South Carolina Republicans on Friday asked the state's highest court to stop a recount of votes in Richland County, arguing that a GOP candidate fairly won a disputed legislative race.
The state party made the request to the Supreme Court a day after a circuit judge ordered that ballots and voting machines in Richland County be guarded by state police while state election officials reviewed them. County election officials had planned to certify election results Friday, but that process is on hold.
State election officials said they planned to begin their count Friday afternoon.
State Democrats were originally granted a recount of votes in House District 75, a disputed legislative race in the county that includes South Carolina's capital city, arguing in court papers that officials didn't have enough voting machines or adequately fix ones that broke down on Election Day. The recount was expanded county-wide several hours later.
Richland County's preliminary tally shows Republican Kirkman Finlay as the race's unofficial winner by a narrow margin _ less than 300 votes. Democrat Joe McCulloch is challenging those results, and the circuit judge who ordered the recount has set a hearing for Nov. 13.
Election officials "have demonstrated the threat of immediate and irreparable injury in the form of the certification of election results that have been marred by unlawful election procedures and vote tabulation procedures," Judge Casey Manning wrote in his order. "The public is entitled to an independent and thorough review of these procedures and tabulations."

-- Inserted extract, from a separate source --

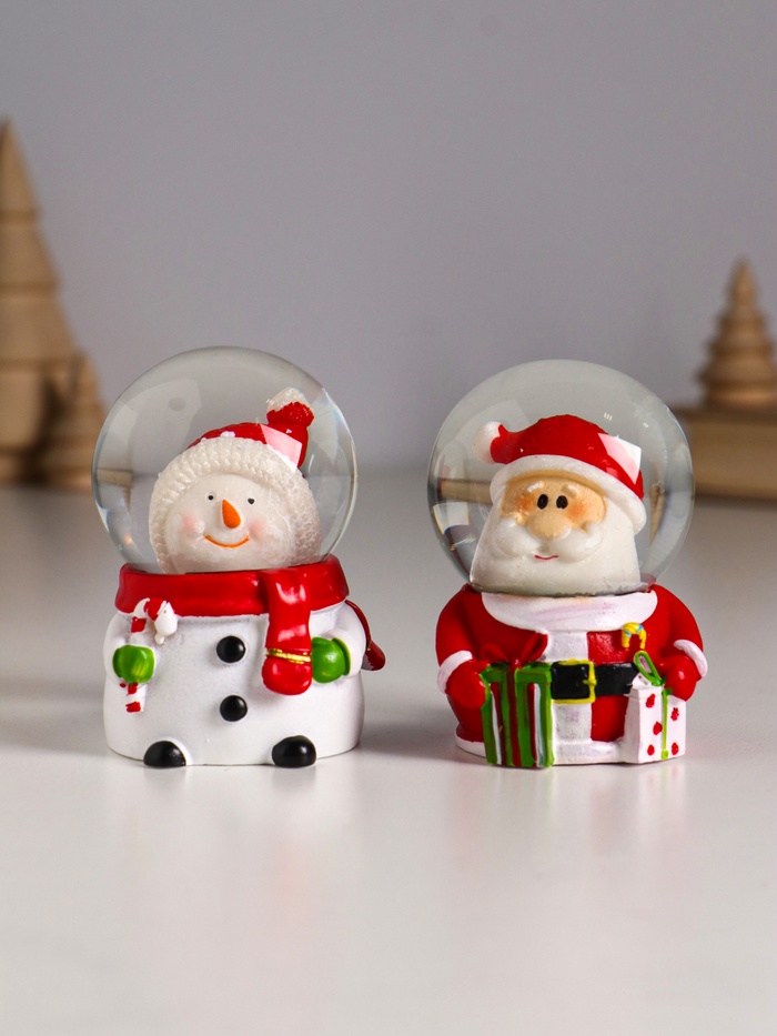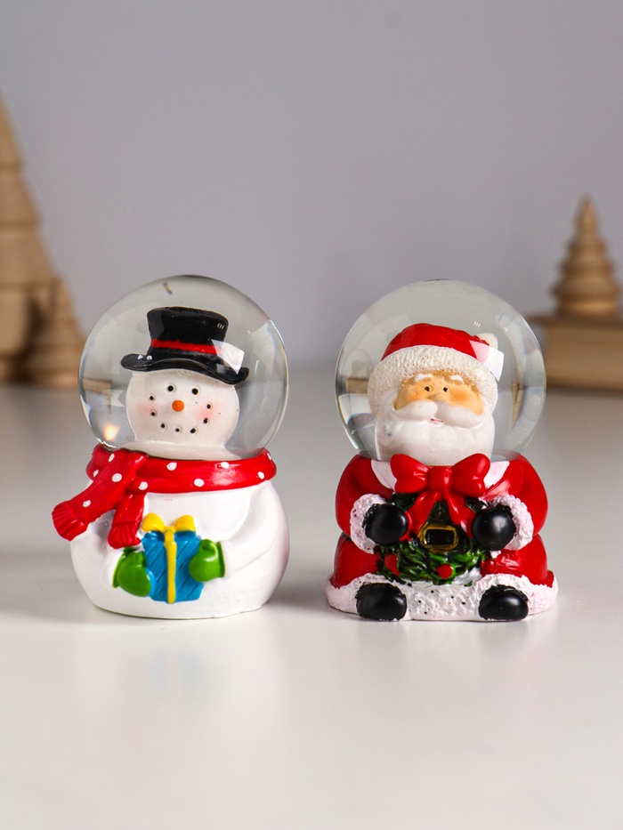 Снежный шар новогодний стеклянный «Дед Мороз или Снеговик шар на голове», 6.8×5×5 см, МИКС — Характеристики

Based on results provided by election officials, The Associated Press called the race on Election Day for McCulloch. The AP withdrew that call after election officials changed vote tallies to show Finlay in the lead and has not declared a winner.
A cascade of Election Day problems delayed the county's unofficial results until late Wednesday. Officials cited long voting lines, too few machines and broken counting scanners. Some voters reportedly waited up to six hours.
State Election Commission spokesman Chris Whitmire has said Richland County was the only one of the state's 46 counties in the state that reported serious problems. County officials have not explained how the problems occurred.
In court papers filed Friday, a Republican Party attorney said Manning didn't have the authority to issue rulings related to legislative elections and said the Democrats' decision to take the matter to court was "eroding public confidence in South Carolina's elections."
State GOP executive director Matt Moore said in a statement Friday that Finlay had fairly won the disputed House race and decried "politically-connected Democratic Party lawyers" for getting "special treatment" in being granted the recount.
In the request for the temporary restraining order, Democratic Party executive director Amanda Loveday is represented by Dick Harpootlian _ a Columbia attorney who also chairs the state Democrats. Loveday said Friday that Republicans' actions showed they were more concerned with political results than fixing voting problems.
It wasn't known when the Supreme Court would rule on the request to halt the recount.